A headline on Yahoo! News —  Many historians see little chance for McCain — pretty much sums up the current media outlook about the outcome of the election. Several academics apparently see Barack Obama’s prospects “as the most promising for a Democrat since Roosevelt trounced Hoover in 1932.” Historian Allan Lichtman, who has correctly predicted the past six presidential popular vote winners, says, “This should be an overwhelming Democratic victory.” Emory University’s Alan Abramowitz observes, “It is one of the worst political environments for the party in power since World War II.”
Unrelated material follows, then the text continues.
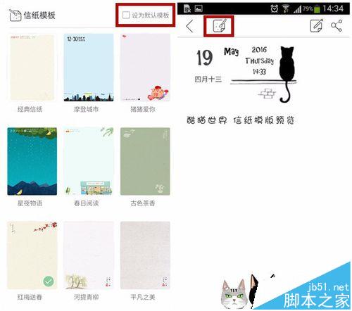 7、印记云笔记每周更新的精美信纸非常受欢迎,有简洁、唯美、插画、水墨多种风格。点击“画笔”按纽,进入信纸库下载信纸即可(WIFI环境下速度更快哦)。如果钟爱某一款也可以设为默认模板。大家可以多多尝试~

I have a feeling that the Yahoo story is on target. As Abramowitz goes on to say, “It would be a pretty stunning upset if McCain won.”

Something really awful would have to happen for McCain to win this one. Something like Iran attacking Israel with nuclear weapons. (Although why Ahmadinejad would do that now instead of waiting to chat with President Obama about it first — strikes me as, well, jumping the gun.) But that’s about it, I think. Everything else — the price of gasoline per gallon, the endless war in Iraq, the low profile of the U.S. dollar, the subprime implosion, an economy that keeps tanking — everything else will pull voters in Obama’s direction.

My father, who rues the day he voted for Jimmy Carter, is philosophical about Obama. “He won’t do any harm,” he says.

“Do you plan to vote for him?” I ask.

“No.”

It would be so fly to be in step with the “mood of the country” and boot da bums out of office. But something tentative, something cautious inside my judgment is telling me to stay out of step with this historical moment. I don’t like the economic and geopolitical mess we’re in, but I worry that an untested, charismatic guy with the resume of a smart 30-year-old is going to be our Huey Long. And while we’ll be perceived as a “country of new beginnings,” as Thomas Friedman wrote in his New York Times column, we’ll also become victim to the same old bad endings that have befallen every well-meaning conciliator. Moreover, we’ll be as easy to take advantage of as Israel is when it calls for cease-fires with Hezbollah or Hamas. We’ll be the country that just “wants to get along” while our adversaries strategize and re-arm.

What I wouldn’t give to feel as optimistic as the Obama-ites on the ramparts. But I can’t help but wonder: Will we look back to the days of the current administration and think, “By George! ‘W’ may have been a buffoon, but he wasn’t a complete idiot after all!”